Therefore the issue may actually be in the dependency loophp\iterators.

github-actions[bot] commented 1 year ago

Since this issue has not had any activity within the last 5 days, I have marked it as stale. I will close it if no further activity occurs within the next 5 days.

drupol commented 1 year ago

Hello,

I apologize for the delayed response; my schedule has been quite packed lately. Thank you for your patience.

Were you able to find a solution to the issue in the meantime?

dmjohnsson23 commented 1 year ago

No worries, it's not a sin to have a life outside of Github. Take the time you need with what is important to you.

I was able to work around the issue by using fetchAll to convert the iterable to an array before turning it into a Collection. Not being able to use cache in unfortunate, but it isn't a show-stopper.

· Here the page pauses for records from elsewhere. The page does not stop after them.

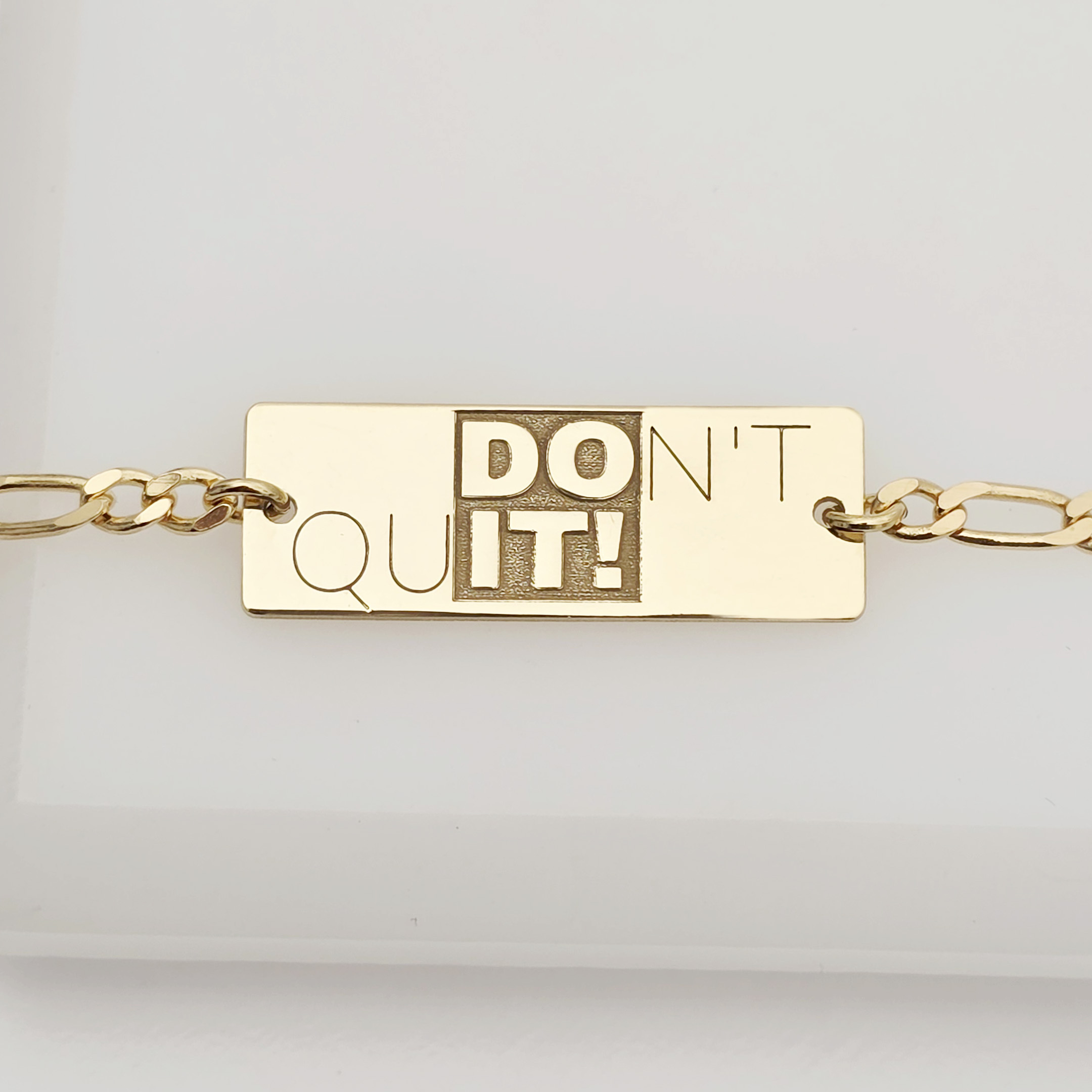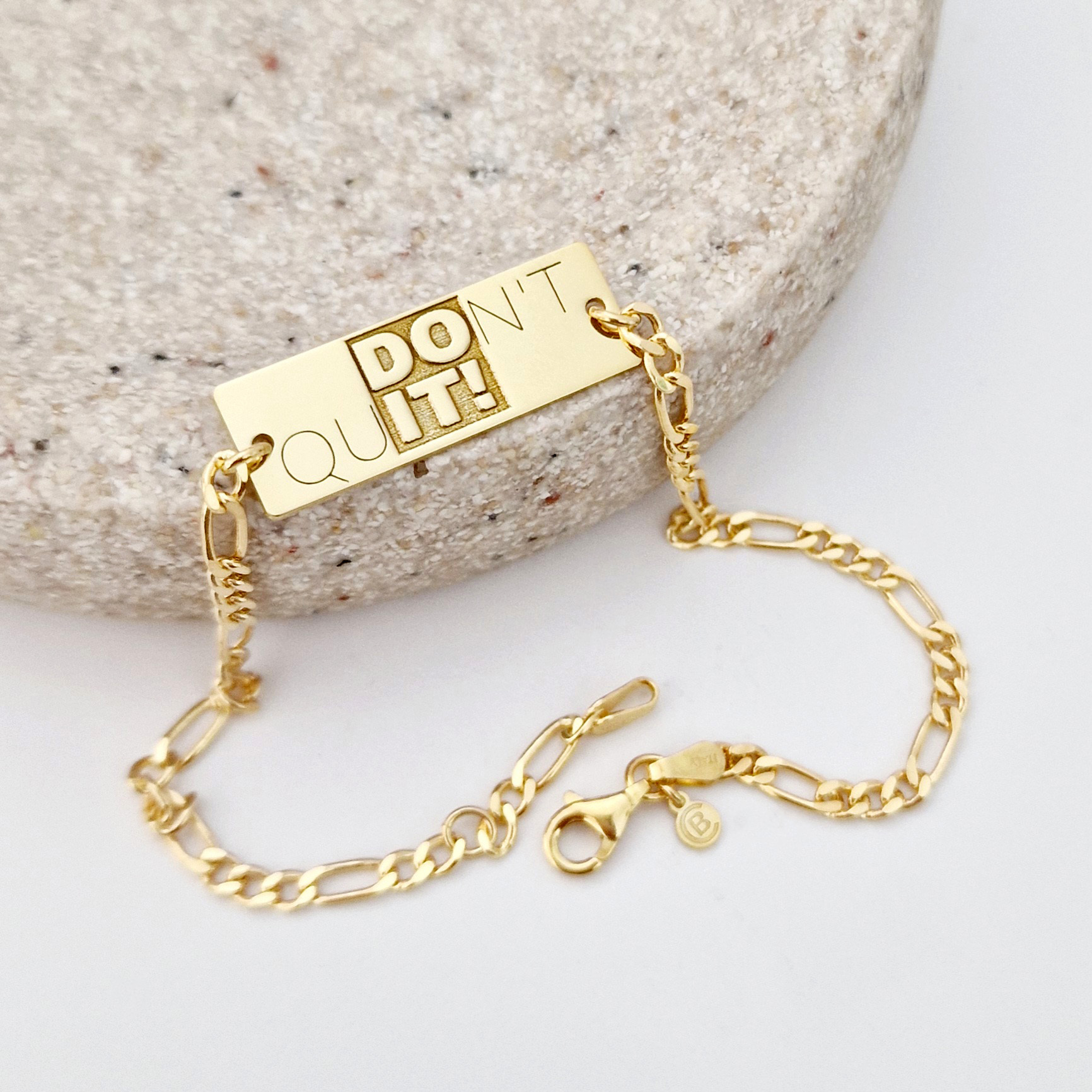 Această brățară din Argint 925 placat cu Aur Galben 18K este un simbol al determinării și curajului. Plăcuța gravată cu mesajul „Don't Quit” te motivează să continui, chiar și în cele mai dificile momente. Designul masculin, cu lanț robust și finisaje de calitate, o transformă într-un accesoriu elegant cu semnificație profundă.
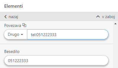 Lahko vstavite povezavo v telefonsko številko in s tem omogočite, da uporabnik neposredno s klikom na številko vzpostavi klic. V Besedilu označite telefonsko številko in kliknite na znak za povezavo. V polje za URL naslov vstavite npr.: tel:051222333.
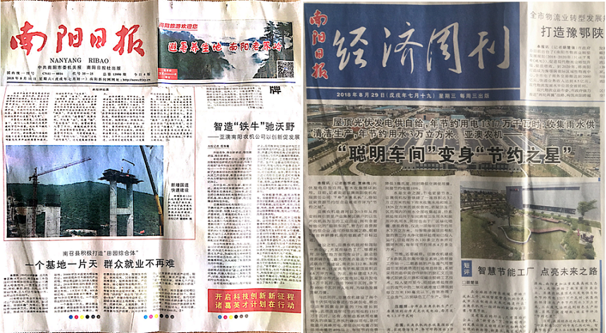 从智能制造到清洁生产、节能减排,一月内《南阳日报》于8月11日、、8月29日连续两次报道壹号娱乐官网,河南卫视《新闻联播》联动报道。
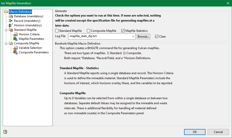 Select this checkbox to generate composite mapfiles from the current macro definition. A composite mapfile contains information for modelling the analytical or assay types of data.

However, I never did manage to identify the root cause of the issue or create an actual fix. I suspect that somewhere along the chain of iteratables there is one that isn't fully abstracting over the previous one in the chain, but I spent several hours looking and couldn't find it.

drupol commented 1 year ago

I have to admit that I wish I could reproduce this easily at home, but I don't have any project using Doctrine right now, so I don't know how to do this.

Do you have a way to reproduce this easily with a SQLite based project, for example? So we could share a project and reproduce the issue?

dmjohnsson23 commented 1 year ago

I'm actually not using Doctrine either, I'm using PDO.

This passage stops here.